Govt defends Mbudzi interchange loan deal

Mbudzi roundabout interchange

FINANCE Minister Mthuli Ncube has defended the US$88 million loan agreement with Fossil Mines for construction of the Mbudzi interchange in Harare, and claimed that there was nothing amiss about the loan.

In a gazette last week, government announced that it had signed a US$88 million loan deal with Obey Chimuka’s Fossil Mines to fund the project at an interest rate of 5% per annum up to 2025.

Fossil Mines is a sister company to Fossil Contracting — one of the firms involved in the project.

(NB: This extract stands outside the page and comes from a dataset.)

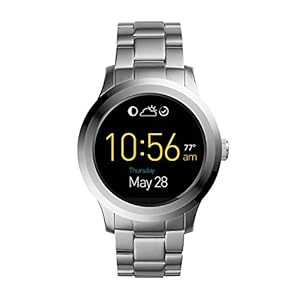Fossil Q men connected watch – Smoke grey round stainless steel case (diameter: 45 mm) in brushed finishing, IP67 certification (dust, rain, splashing and accidental submersion protection) and crowned bezel

Observers questioned the rationale of government borrowing at high interest rates from a company that was part of the project. Ncube had initially said the interchange would be financed from part of the US$1 billion Special Drawing Rights funds availed by the International Monetary Fund.

Speaking to NewsDay yesterday on the sidelines of the launch of the US$10 million gold facility in the capital, Ncube said:  “It’s not a good idea to discuss a specific agreement between two parties, this is totally wrong.  Government borrows from anyone and we made an assessment and saw it appropriate to have the deal and there is nothing wrong.”

As NewsDay posed a question on why the loan signed in 2021 was announced in 2023, Ncube was whisked away by his security aides.

In December, the United States government placed Fossil group chief executive officer Chimuka and two of his companies, Fossil Contracting and Fossil Agro, on its sanctions list “for their ties to the previously designated individual Kudakwashe Tagwirei and his company, Sakunda Holdings.”

The Mbudzi Interchange project is expected to ease congestion at the intersection connecting the Harare-Beitbridge Highway, Simon Mazorodze Road and High Glen Road.